Press Release5 Minute ReadDec | 12 | 2019
Study helps doctors recognize risk factors, symptoms of underdiagnosed food avoidance/restriction disorder
Key Takeaways
- Adults avoiding or restricting their diets is less familiar to most people and can be a serious problem warranting treatment
- The condition significant can have serious medical consequences including weight loss and nutritional deficiencies, sometimes leading to dependence on supplements or even tube feeding
- A subset of individuals with gastrointestinal conditions may be at greater risk for developing ARFID
Helen B. Murray, MSARFID can really interfere with people’s lives. It can make it hard for them to function at school or work and with family and friends.
Eating Disorders Clinical and Research Program
Massachusetts General Hospital
BOSTON – Children often avoid certain foods and most parents don’t think too much of it, dismissing their little ones as “picky eaters” who will grow out of the phase. But the idea of adults avoiding or restricting their diets is less familiar to most people and can be a serious problem warranting treatment.
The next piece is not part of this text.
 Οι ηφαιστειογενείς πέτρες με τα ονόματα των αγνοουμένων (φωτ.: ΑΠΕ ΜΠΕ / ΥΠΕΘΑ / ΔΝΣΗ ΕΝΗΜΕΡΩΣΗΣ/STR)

A paper published in Clinical Gastroenterology and Hepatology helps doctors to recognize the symptoms and risk factors for avoidant/restrictive food intake disorder (ARFID) in adults, which was added to the DSM-5 in 2013, so patients can be properly diagnosed and get help.
“ARFID can really interfere with people’s lives,” says Helen B. Murray, MS, a clinical and investigator in MGH’s Eating Disorders Clinical and Research Program and the paper’s first author. “It can make it hard for them to function at school or work and with family and friends. Patients may avoid social interactions involving food or spend a lot of time, energy and effort thinking about their food choices, often causing problems with the family or spouse when they can’t eat things the rest of the family does.”
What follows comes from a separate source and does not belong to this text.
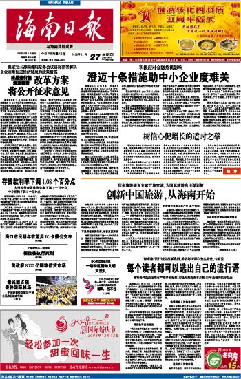 海南日报报业集团旗下媒体: 海南日报 | 南国都市报 | 南海网 | 南岛晚报 | 证券导报 加入收藏 | 设为首页

It can also have serious medical consequences, Murray maintains, like significant weight loss and nutritional deficiencies, sometimes leading to dependence on nutritional supplements or even tube feeding.
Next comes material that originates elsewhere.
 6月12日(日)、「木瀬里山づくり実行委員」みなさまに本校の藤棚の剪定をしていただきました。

The good news is there is effective, exposure-based treatment for ARFID; the bad news is that “many gastroenterologists are still not aware of this diagnosis,” Murray says. Of the 97 gastroenterology patients identified through the retrospective chart review as having ARFID symptoms, only one was correctly diagnosed during the 18 months after initial presentation. “The study findings are important because they increase the awareness of ARFID and gives doctors specific presentations and diagnoses that indicate a need to screen patients for ARFID. If they’re able to detect it, the patients can get treatment faster.”
Though adults with ARFID may have sensory sensitivity to foods, avoiding certain smells, tastes, or textures, or simply lack interest in eating, the current study showed that among patients presenting to gastroenterology providers, avoiding foods or restricting eating because of “fear of aversive consequences” like vomiting, nausea, abdominal pain was the most common ARFID presentation.
“Almost 93 percent of the patients we identified as having ARFID symptoms cited fear of gastrointestinal distress as motivation for their avoidant or restrictive eating,” says Murray.
A subset of individuals with gastrointestinal conditions may be at greater risk for developing ARFID — particularly individuals who meet criteria for disorders of gut-brain interaction (DGBI), the new name for functional gastrointestinal disorders. For example, some individuals who develop a DGBI after an infection may be at risk for developing ARFID.
“The brain may have learned — say, during a bout with flu or a C. diff infection — that if I eat x food I’m going to get nauseous, and then even after the infection is gone, the brain may send signals to the gut to still produce nausea in response to food,” says Murray. “If the person starts avoiding particular foods or decreasing their intake because of the nausea, this further reinforces what the brain and gut have learned — to continue producing nausea. So there are both psychological and physiological components to it.”
The gastroenterology patients most likely to have ARFID were those who “came in saying they had an eating or weight-related complaint or received diagnoses related to symptoms of nausea, vomiting, severe fullness, or abdominal pain,” says Murray. “Those are red flags that you probably want to screen for ARFID.”
The study’s co-authors are Abbey P. Bailey, BA, Casey J. Silvernale, BA, Kyle Staller, MD, MPH, and Braden Kuo, MD, of the Center for Neurointestinal Health at MGH; and Ani C. Keshishian, BA, Kamryn T. Eddy, PhD, and Jennifer J. Thomas, PhD, of the Eating Disorders Clinical and Research Program at MGH.
About the Massachusetts General Hospital
Massachusetts General Hospital, founded in 1811, is the original and largest teaching hospital of Harvard Medical School. The MGH Research Institute conducts the largest hospital-based research program in the nation, with an annual research budget of more than $1 billion and comprises more than 8,500 researchers working across more than 30 institutes, centers and departments. In August 2019 the MGH was once again named #2 in the nation by U.S. News & World Report in its list of "America’s Best Hospitals."